Detect Remote Desktop Protocol in Elastic Security
Adversaries may use Valid Accounts to log into a computer using the Remote Desktop Protocol (RDP). RDP is a common feature in Windows that allows interactive graphical sessions on remote systems. Threat actors including Kimsuky, INC Ransom, Volt Typhoon, Wizard Spider, BlackByte, Akira, and FIN7 have all leveraged RDP for lateral movement. Adversaries typically acquire credentials via Credential Access techniques, then use RDP to expand access to additional systems, deploy ransomware interactively, or establish persistence via Accessibility Features.
MITRE ATT&CK
- Tactic
- Lateral Movement
- Technique
- T1021 Remote Services
- Sub-technique
- T1021.001 Remote Desktop Protocol
- Canonical reference
- https://attack.mitre.org/techniques/T1021/001/
Elastic Detection Query
sequence by source.ip with maxspan=5m
[authentication where event.provider == "Microsoft-Windows-Security-Auditing"
and event.code == "4625"
and winlog.event_data.LogonType == "10"
and source.ip != null
and source.ip != "127.0.0.1"
and source.ip != "::1"
and source.ip != "-"] with runs=5
[authentication where event.provider == "Microsoft-Windows-Security-Auditing"
and event.code == "4624"
and winlog.event_data.LogonType == "10"
and source.ip != null
and source.ip != "127.0.0.1"
and source.ip != "::1"]
// Supplemental filter query for sensitive host and privileged account RDP access:
// authentication where event.provider == "Microsoft-Windows-Security-Auditing"
// and event.code == "4624"
// and winlog.event_data.LogonType == "10"
// and source.ip != null and source.ip != "127.0.0.1" and source.ip != "::1"
// and (
// wildcard(host.name, "*dc*", "*pdc*", "*dc01*", "*domain-controller*")
// or wildcard(user.name, "*admin*", "*administrator*", "*svc*", "*service*")
// ) Detects T1021.001 RDP lateral movement via two patterns: (1) a sequence of 5+ failed RDP logon attempts (EventID 4625, LogonType 10) from the same source IP followed by a successful RDP logon (EventID 4624, LogonType 10) within 5 minutes — indicating credential brute force; and (2) supplemental filter for direct RDP success events targeting sensitive hosts (DC, PDC) or using privileged/service accounts.
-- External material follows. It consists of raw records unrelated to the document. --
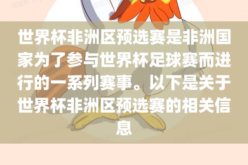 世界杯非洲区预选赛是非洲国家为了参与世界杯足球赛而展开的重要赛事,各队之间的竞争非常激烈,具体的比赛安排、参与队伍和规则流程可能会根据当年的FIFA规定而有所变化,建议关注相关赛事的官方信息以获取最新动态。
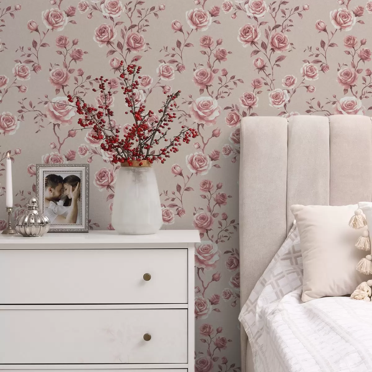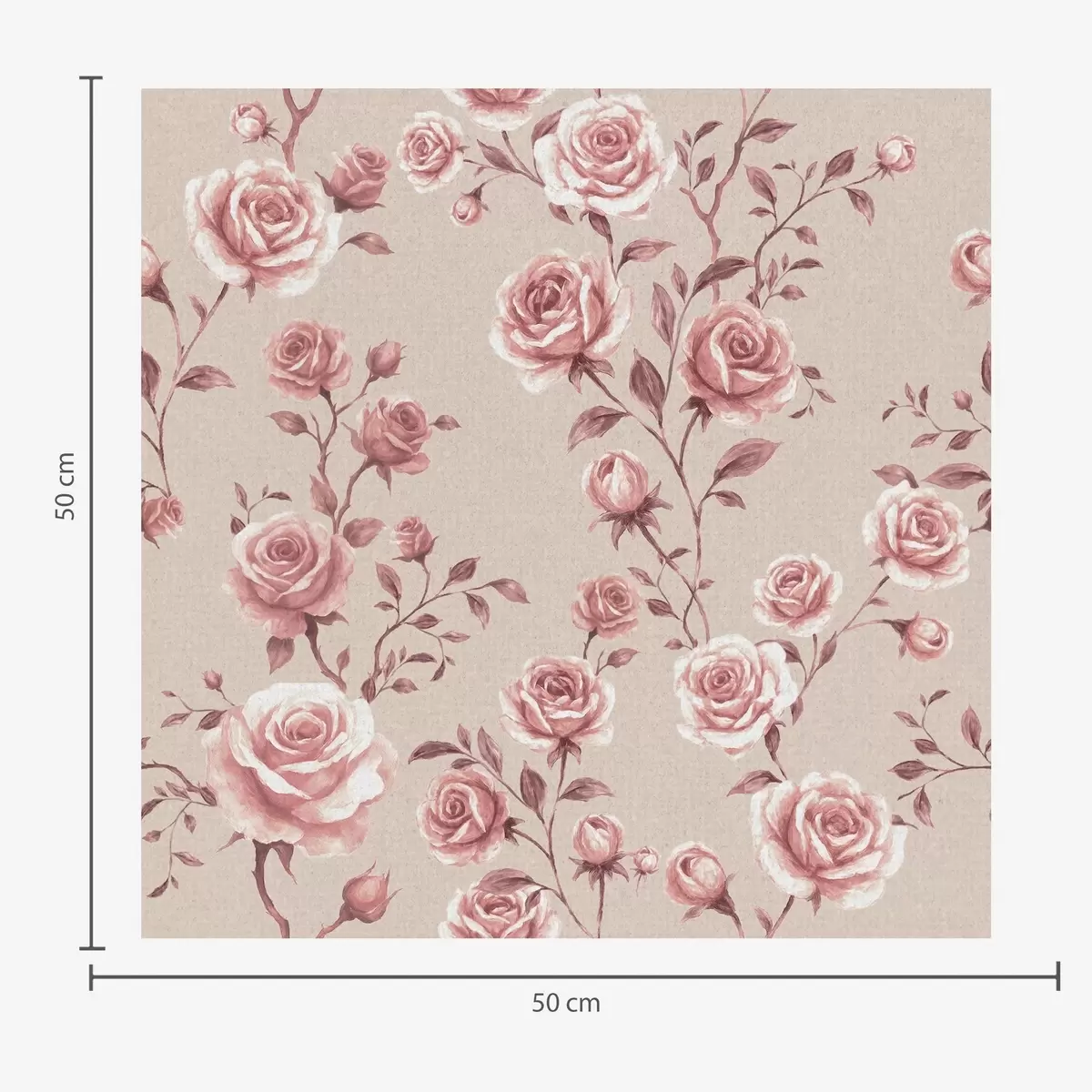 Шпалери Пудрові троянди на бежевому тлі — вінтажний візерунок a00497
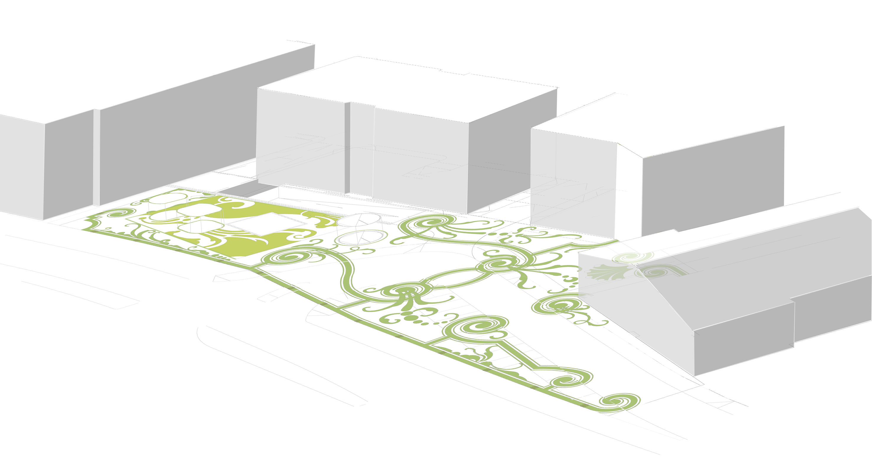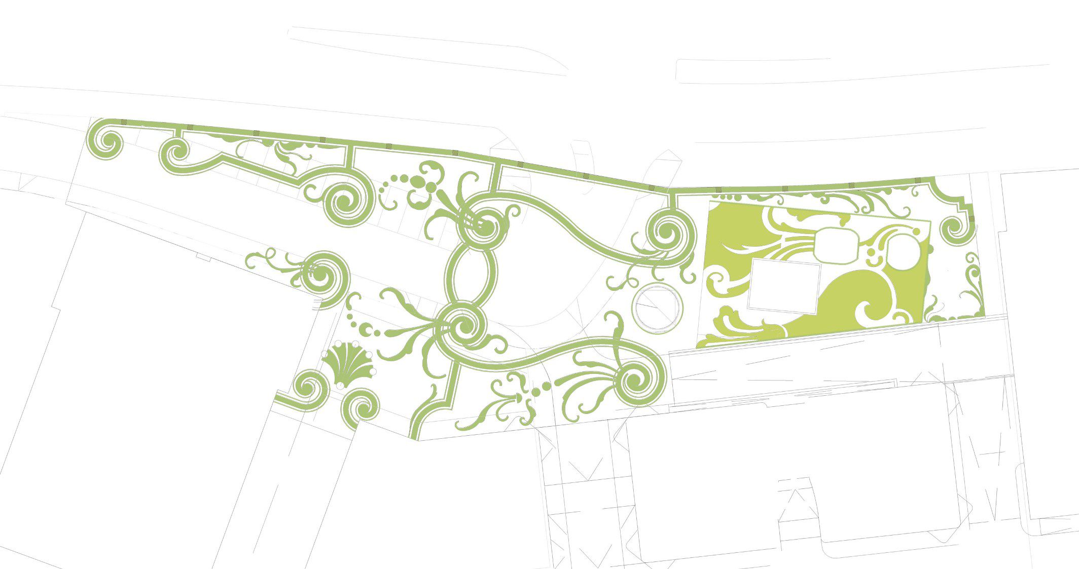 The design concept proposed a way to unify these spaces with the creation of a parterre carrying across the different areas, cutting through the road, the pavement, etc. Parterres were used in XVIIth century gardens as an aestheticization and a demonstration of the control of man over nature, working as a presentation of the mansion in the background. Contrary to the traditional box hedge parterre, the work at Harbourside is made of cuts in the ground surfaces to allow the urban vegetation to thrive in this controlled pattern, unifying all these left over spaces and bringing back some of the ruderal plants.
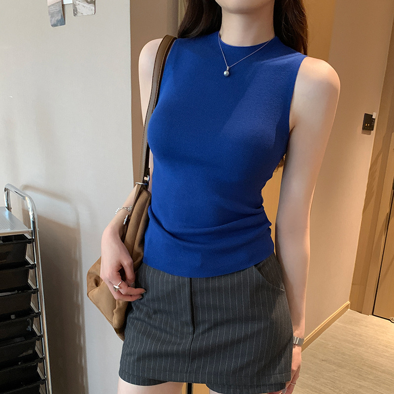 ホット販売韓国スタイル怠惰なハーフタートルネックノースリーブセーター女性のための 2025 夏の新しい美しいインナーベストトップ

Loopback and null source IPs are excluded.
Data Sources
Required Tables
False Positives & Tuning
- Legitimate IT administrators using RDP to manage domain controllers or servers — particularly during patch windows or incident response.
- Remote support tools (e.g., helpdesk software) that authenticate via RDP and may trigger repeated logon attempts before success.
- Automated monitoring or backup agents configured to use RDP with service accounts that match privileged account name patterns.
Other platforms for T1021.001
Testing Methodology
Validate this detection against 4 adversary techniques from Atomic Red Team. Each test below lists the behaviour to exercise and the telemetry you should expect to see. Executable commands and cleanup steps are available with Pro.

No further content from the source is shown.